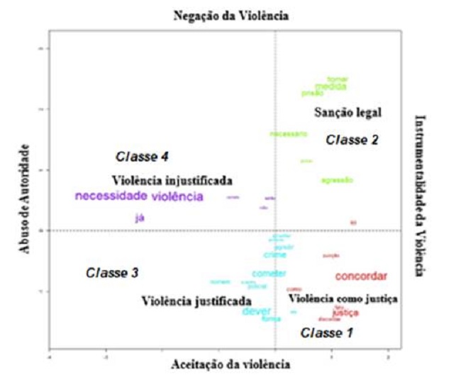 Ao analisar o plano fatorial (Figura 1 ), observa-se que o eixo vertical organizou os posicionamentos dos participantes em função da aceitabilidade da violência policial. Na parte superior do plano fatorial, os argumentos apresentados nas classes 2 (sanção legal) e 4 (violência injustificada) rejeitam a violência policial na medida em que essa ação foi considerada como desnecessária e injustificável. Na parte inferior do plano fatorial, os argumentos apresentados nas classes 1 (violência como justiça) e 3 (violência justificada) defendem a ideia de que a violência é aceitável, sendo compreendida como uma forma de justiça, mais precisamente como uma resposta à criminalidade, dada a ineficácia do sistema judicial.
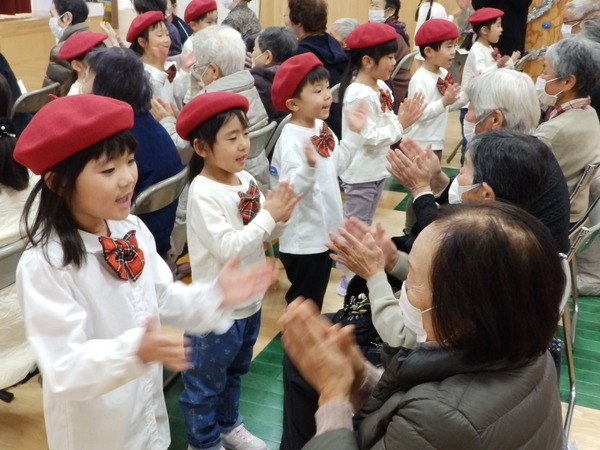| 12月、鰐comeでふれあいクリスマスお遊戯会を行いました。 保護者の皆さんや、来賓・地域の皆さん、子育て中のお父さんお母さんや老人クラブの皆さんなど、たくさんの方が拍手や声援をくださり温かい雰囲気の中、こどもたちは表現することがとても楽しそうで素敵な笑顔をたくさん見せてくれました😊 最後にサンタさん🎅がプレゼント🎁をもって登場するととても嬉しそうでしたよ♪ |
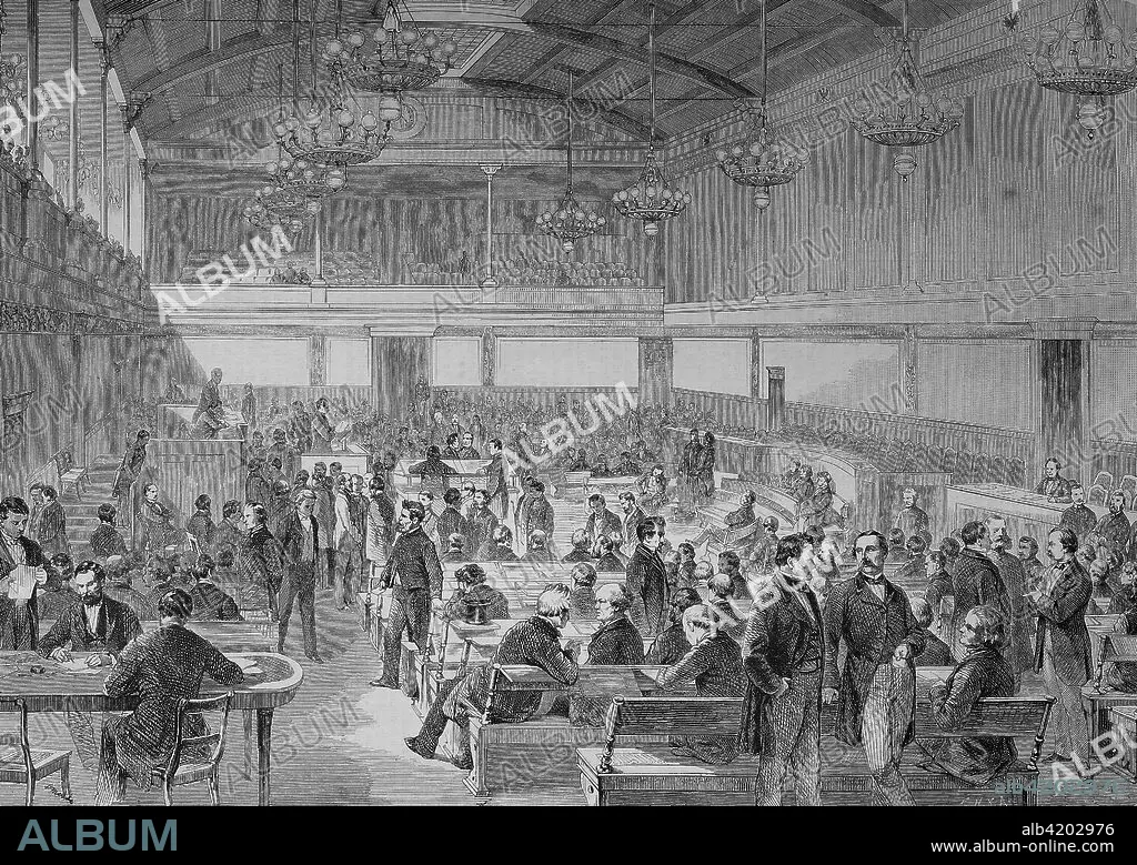 Elections to the Zollparlament of the German Zollverein, held in February and March 1868, The Zollparlament consisted of the members of the Reichstag of the North German Confederation and members from the South German states, illustration from the 19th century.

_ _ _ _ _ _ _

#### [Directions]
Reproduce all of the data exactly; the pictures do not belong in the copy.

#### [Solution below]
 Ao analisar o plano fatorial (Figura 1 ), observa-se que o eixo vertical organizou os posicionamentos dos participantes em função da aceitabilidade da violência policial. Na parte superior do plano fatorial, os argumentos apresentados nas classes 2 (sanção legal) e 4 (violência injustificada) rejeitam a violência policial na medida em que essa ação foi considerada como desnecessária e injustificável. Na parte inferior do plano fatorial, os argumentos apresentados nas classes 1 (violência como justiça) e 3 (violência justificada) defendem a ideia de que a violência é aceitável, sendo compreendida como uma forma de justiça, mais precisamente como uma resposta à criminalidade, dada a ineficácia do sistema judicial.
| 12月、鰐comeでふれあいクリスマスお遊戯会を行いました。 保護者の皆さんや、来賓・地域の皆さん、子育て中のお父さんお母さんや老人クラブの皆さんなど、たくさんの方が拍手や声援をくださり温かい雰囲気の中、こどもたちは表現することがとても楽しそうで素敵な笑顔をたくさん見せてくれました😊 最後にサンタさん🎅がプレゼント🎁をもって登場するととても嬉しそうでしたよ♪ |
 Elections to the Zollparlament of the German Zollverein, held in February and March 1868, The Zollparlament consisted of the members of the Reichstag of the North German Confederation and members from the South German states, illustration from the 19th century.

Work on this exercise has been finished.